Mit einem Inserat wirbt der Buchverlag der NZZ «für kompetente Wirtschaftsbücher». Da ist sprachlich etwas schiefgegangen. Aber weshalb?
Man kann von wichtigen, interessanten, guten, ja durchaus auch von klugen Büchern reden. Im letzteren Fall durchdringt die Klugheit der Autorin den Inhalt und macht das Werk zu einem «klugen Buch». Wer sich so ausdrückt, weiss allerdings um den rhetorischen Wechsel der Ebenen, den er da unter der Hand mit etwas Taschenspielerei vollzieht. Es ist ja nicht das gebundene Stapelchen Papier, dem er da Klugheit zuschreibt, sondern er meint das Buch als Medium des geistigen Austausches und mithin als Begegnung mit den Gedanken einer klugen Person.
Wird in dieser rhetorischen Konstruktion «klug» durch «kompetent» ersetzt, so stürzt die Spielerei ab. Kompetenz meint die Befähigung oder Ermächtigung zu einem Handeln. Verfasser ökonomischer Literatur sollen selbstverständlich über Fachkompetenzen verfügen.

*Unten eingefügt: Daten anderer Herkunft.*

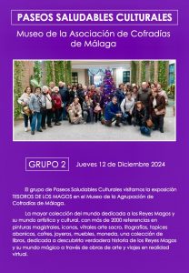 El pasado día 12 de diciembre 2024, el grupo de Paseos Saludables Culturales visitamos la exposición TESOROS DE LOS MAGOS en el Museo de la Agrupación de Cofradías de Málaga…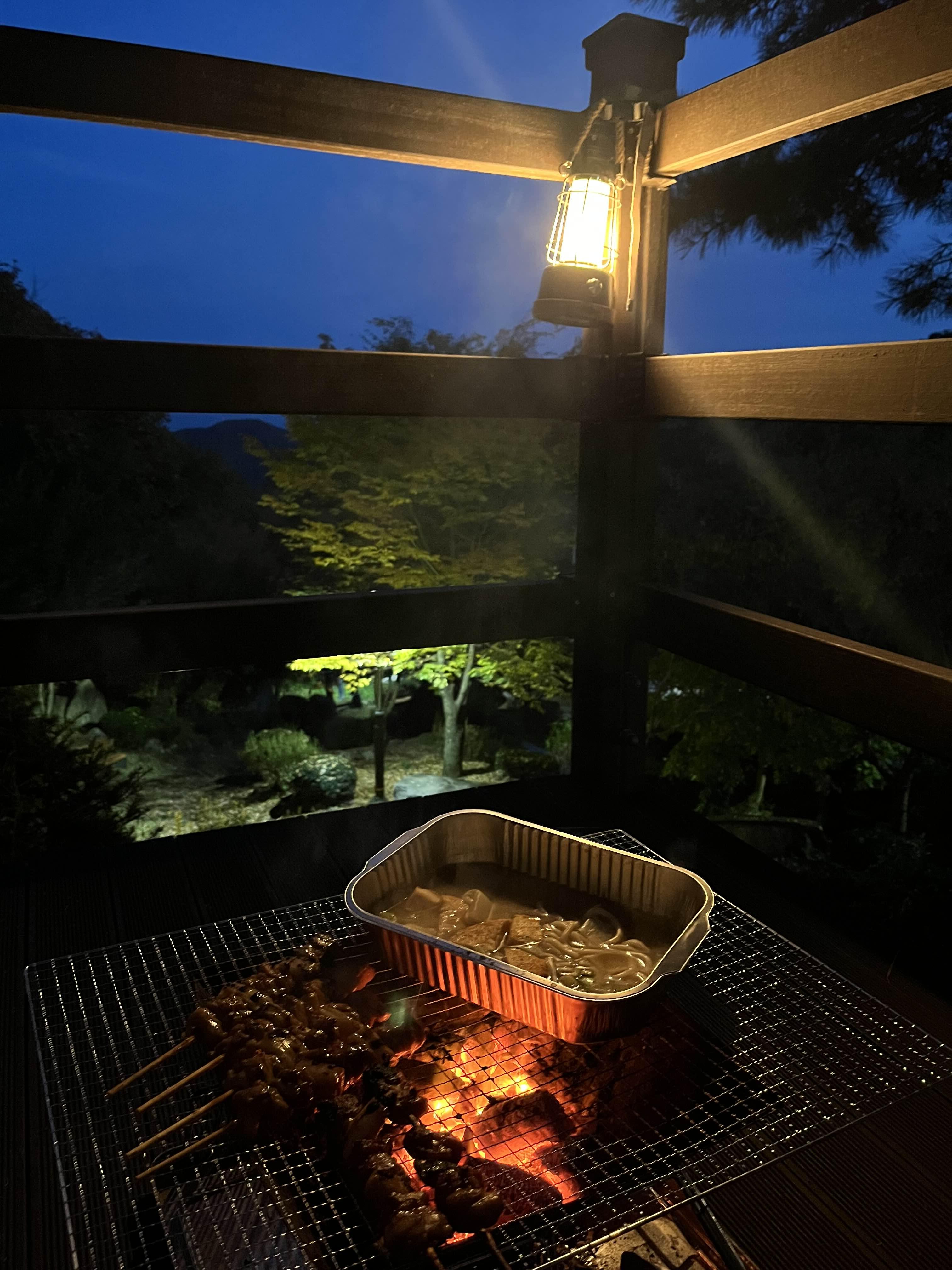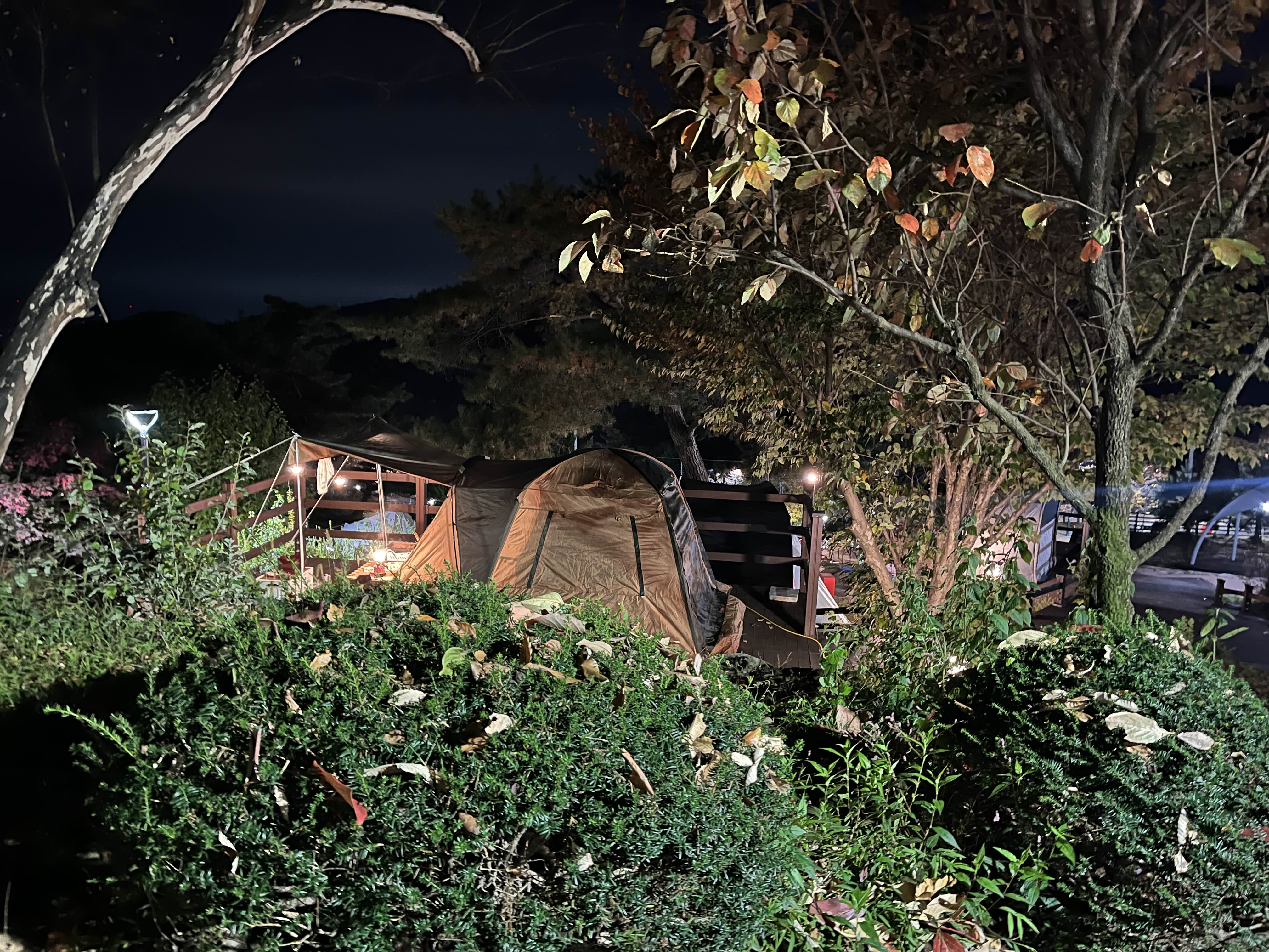 텐트를 치니 바로 옆으로 예쁜 단풍들이 줄지어 있었습니다. 멍하니 의자에 앉아 단풍을 구경하다 해가 점점 떨어져 텐트를 치고 저녁을 준비했습니다. 따뜻한 어묵탕과 숯에 불을 지펴 닭꼬치구이를 먹었습니다. 해가 짧아져서 먹는 동안 금방 해가 저물었습니다. 그래도 데크 주변으로 가로등이 잘 설치되어 있어서 어둡지 않았습니다.

Was sie in ihren Büchern niederlegen, ist aber nicht «Kompetenz» im oben umschriebenen Sinn. Fachbücher vermitteln lediglich Grundlagen, die den Lesern zum Erwerb oder zur Erweiterung persönlicher Fachkompetenzen verhelfen sollen.
Das kompetente Wirtschaftsbuch erinnert an Robert Musils «Mann ohne Eigenschaften». Im 13. Kapitel des Riesenwerks stolpert Ulrich, der Held des Romans, über den Ausdruck «das geniale Rennpferd». In Ulrich reift die Erkenntnis, dass in einer Zeit, die das Geniale derart banalisiert, er wohl oder übel ein Mann ohne Eigenschaften ist. Es ist zu befürchten, dass angesichts inflationären Gebrauchs des Kompetenzbegriffs man sich heute klugerweise als Mann ohne Kompetenz bezeichnen sollte.